ASSIGNMENT: Copy task for the material below: print the line with "сказано в сообщении." and every line after it to the end, exactly as written, without the pictures.

DATA TO USE:

------------------------

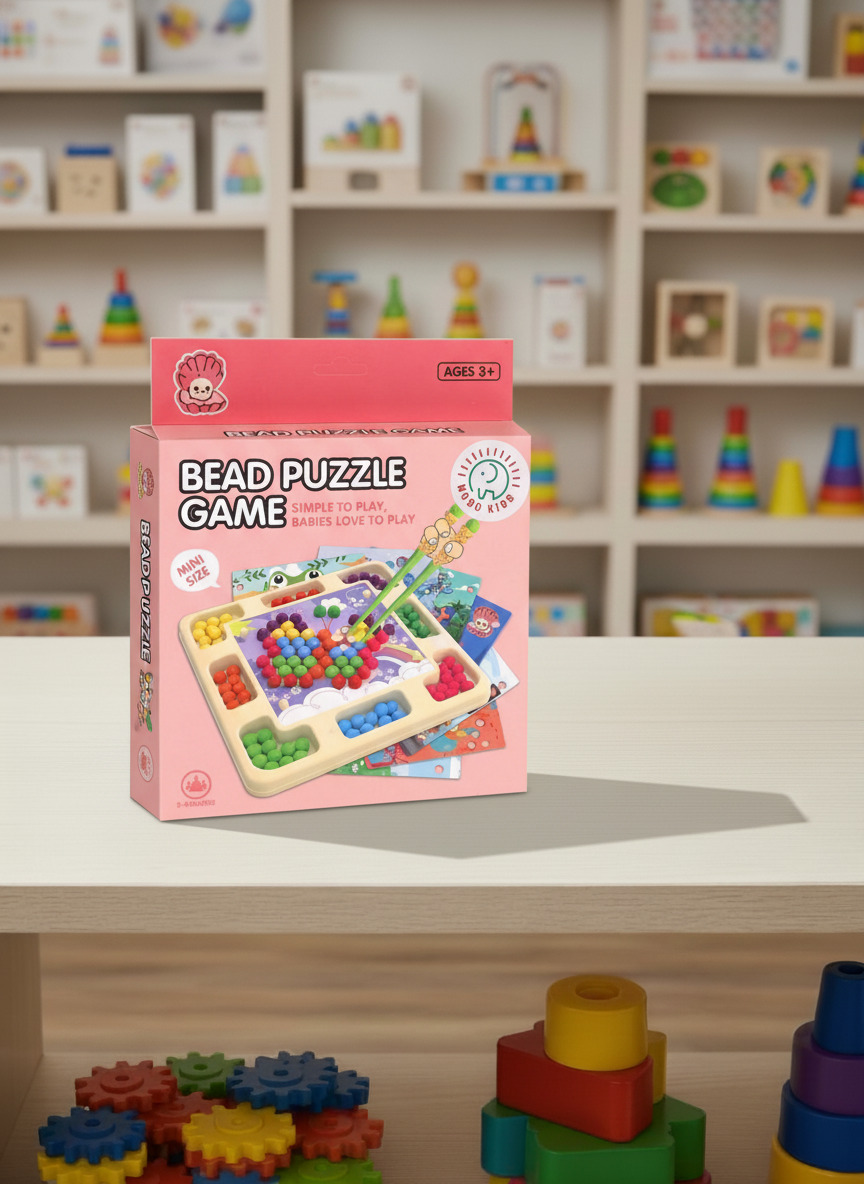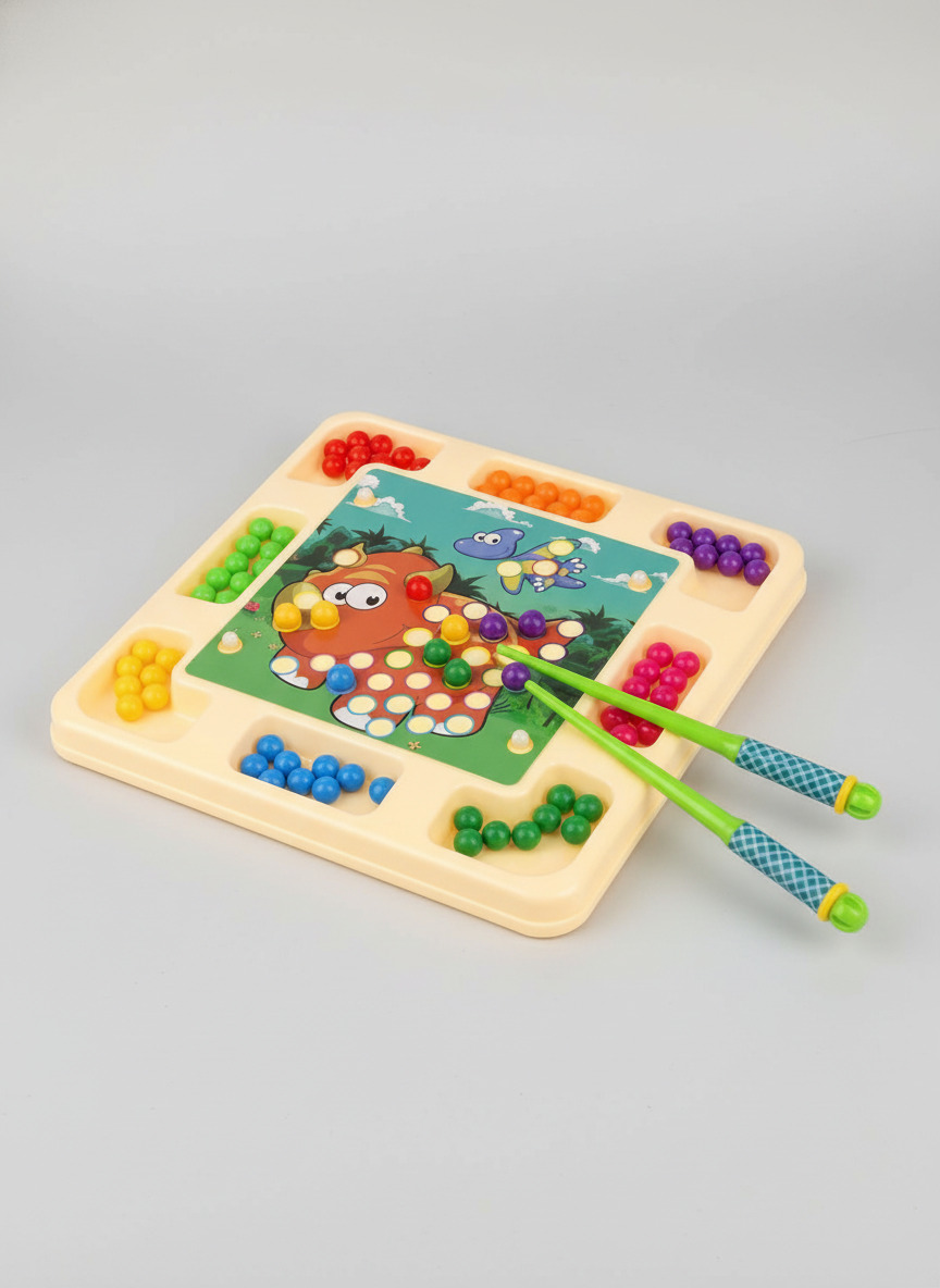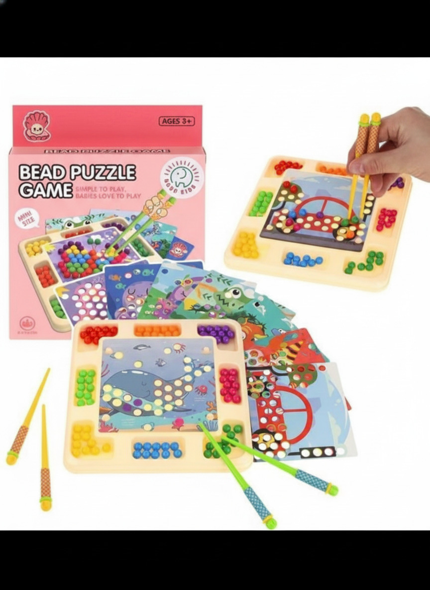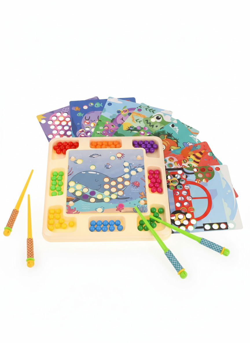 لعبة فنية وتنموية بتعتمد على التنسيق بين الإيد والعين. الطفل بيستخدم “المقص” أو الملقط المخصص عشان ينقل الخرز الملون ويحطه في مكانه الصح على الكروت عشان يكوّن أشكال وصور مبهجة.
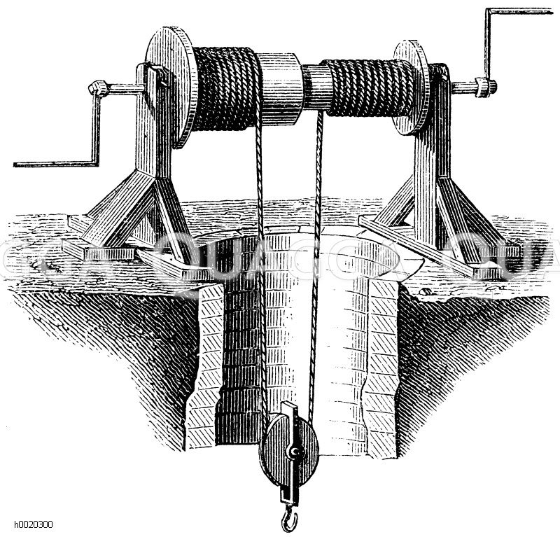 Differentialhaspel: Zeichnung/Illustration/Holzstich – – Differential reel –
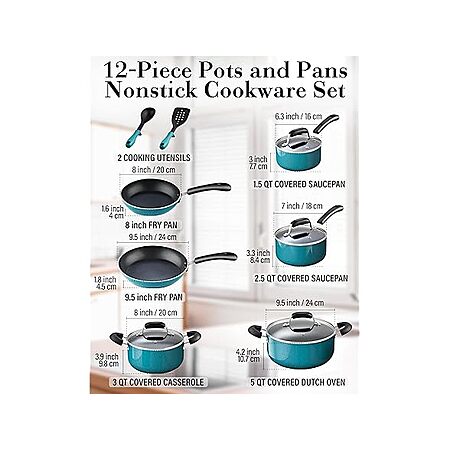 - Multi Use Cookware Set: 12 Piece nonstick pots and pans set includes: 1.5 and 2 quart saucepans with lids, 3 qt casserole with lid, 5 qt dutch oven/stockpot with lid, 8 inch and 9.5 inch fry pan, nylon spatula and spoon
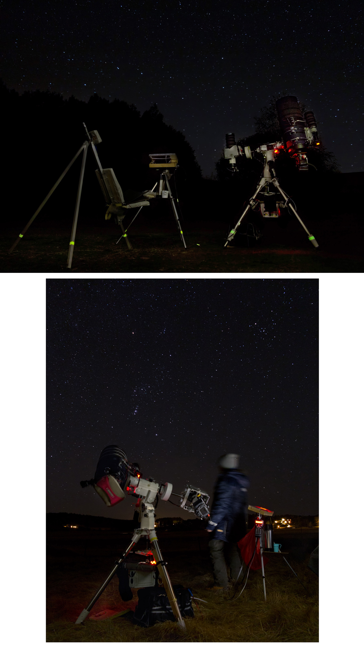 Jag vill kolla intresset för en komplett astrofoto-rigg som är optimerad för drift "ute i fält", dvs väldigt portabel för biltransport samt helt oberoende av pc (det räcker med en surfplatta) om man använder dslr. Med ett 55 Ah AGM-batteri har jag kört upp till 10 timmar, med daggvärmare och allt i 10 minusgrader.
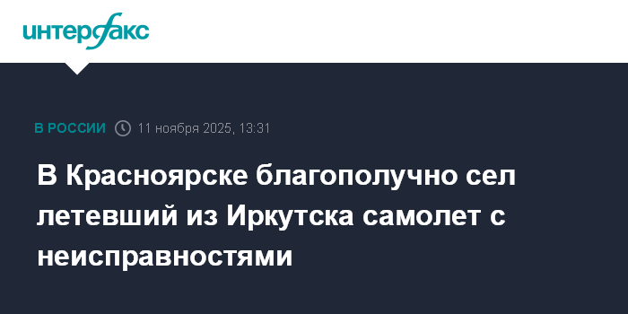 "По предварительным данным, сегодня при посадке у воздушного судна, следовавшего по маршруту "Иркутск-Красноярск", возникли технические неисправности. Воздушное судно благополучно произвело посадку в аэропорту пункта назначения, никто не пострадал", - сказано в сообщении.
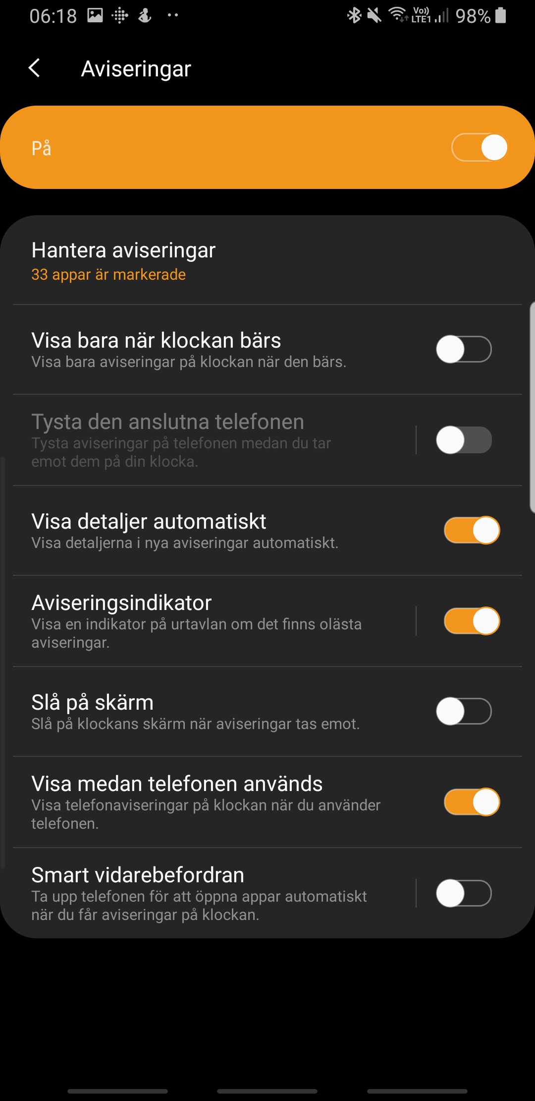 På telefonen kopplas klockan upp mot Galaxy Wearable-appen som erbjuder en robust mängd av klockans interna inställningar. Det är bra eftersom det ofta är lättare att ändra grundinställningar på en större skärm.

------------------------

ANSWER BOX:
 "По предварительным данным, сегодня при посадке у воздушного судна, следовавшего по маршруту "Иркутск-Красноярск", возникли технические неисправности. Воздушное судно благополучно произвело посадку в аэропорту пункта назначения, никто не пострадал", - сказано в сообщении.
 På telefonen kopplas klockan upp mot Galaxy Wearable-appen som erbjuder en robust mängd av klockans interna inställningar. Det är bra eftersom det ofta är lättare att ändra grundinställningar på en större skärm.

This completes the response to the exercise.